Exercise objective: Reproduce exactly the span of lines beginning at the one with "Am Samstag, den" and ending at the last line of the data below, omitting pictures.

Source material:
------------------------------
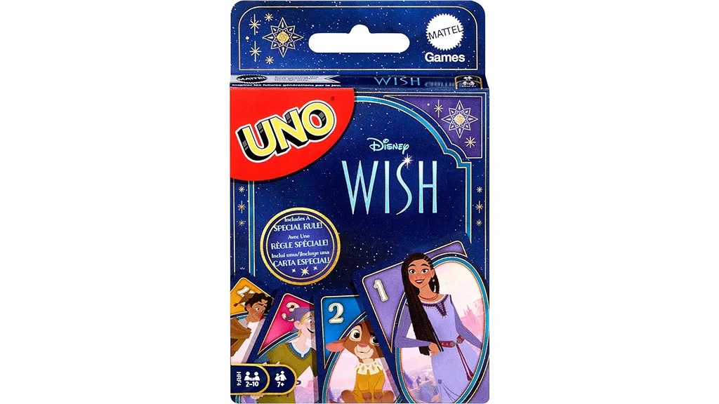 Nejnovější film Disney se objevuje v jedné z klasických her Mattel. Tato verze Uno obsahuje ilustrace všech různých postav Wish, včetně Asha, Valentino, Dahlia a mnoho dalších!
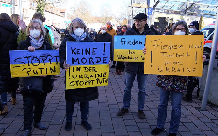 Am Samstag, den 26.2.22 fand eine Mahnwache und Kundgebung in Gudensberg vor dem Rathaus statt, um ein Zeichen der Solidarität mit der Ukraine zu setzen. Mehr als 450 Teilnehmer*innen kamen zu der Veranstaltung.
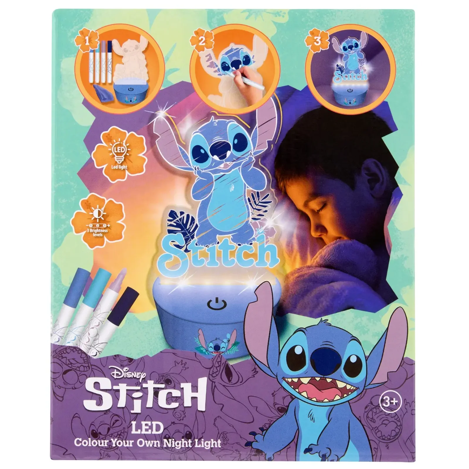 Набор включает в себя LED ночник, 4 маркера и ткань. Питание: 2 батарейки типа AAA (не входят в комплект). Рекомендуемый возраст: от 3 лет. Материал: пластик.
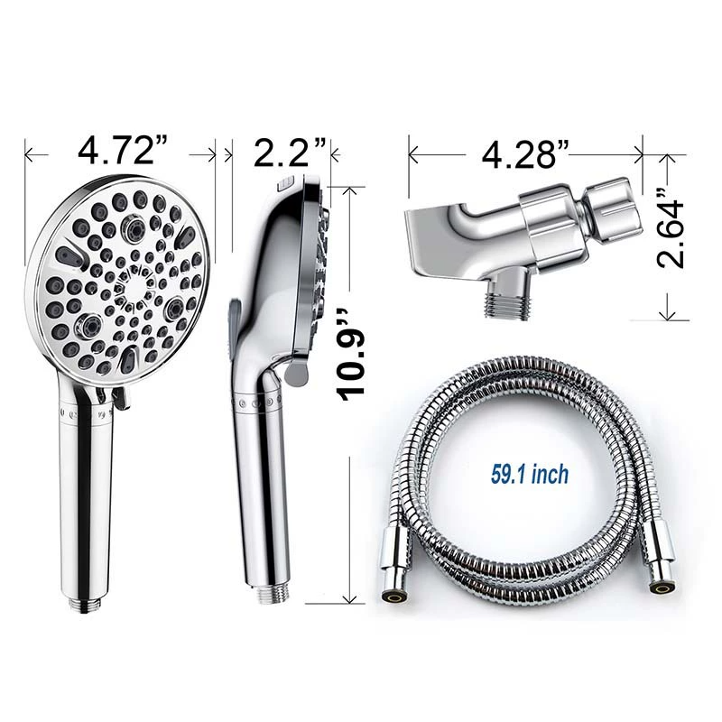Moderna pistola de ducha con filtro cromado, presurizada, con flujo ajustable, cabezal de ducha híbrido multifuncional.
------------------------------
Finished exercise:
 Am Samstag, den 26.2.22 fand eine Mahnwache und Kundgebung in Gudensberg vor dem Rathaus statt, um ein Zeichen der Solidarität mit der Ukraine zu setzen. Mehr als 450 Teilnehmer*innen kamen zu der Veranstaltung.
 Набор включает в себя LED ночник, 4 маркера и ткань. Питание: 2 батарейки типа AAA (не входят в комплект). Рекомендуемый возраст: от 3 лет. Материал: пластик.
Moderna pistola de ducha con filtro cromado, presurizada, con flujo ajustable, cabezal de ducha híbrido multifuncional.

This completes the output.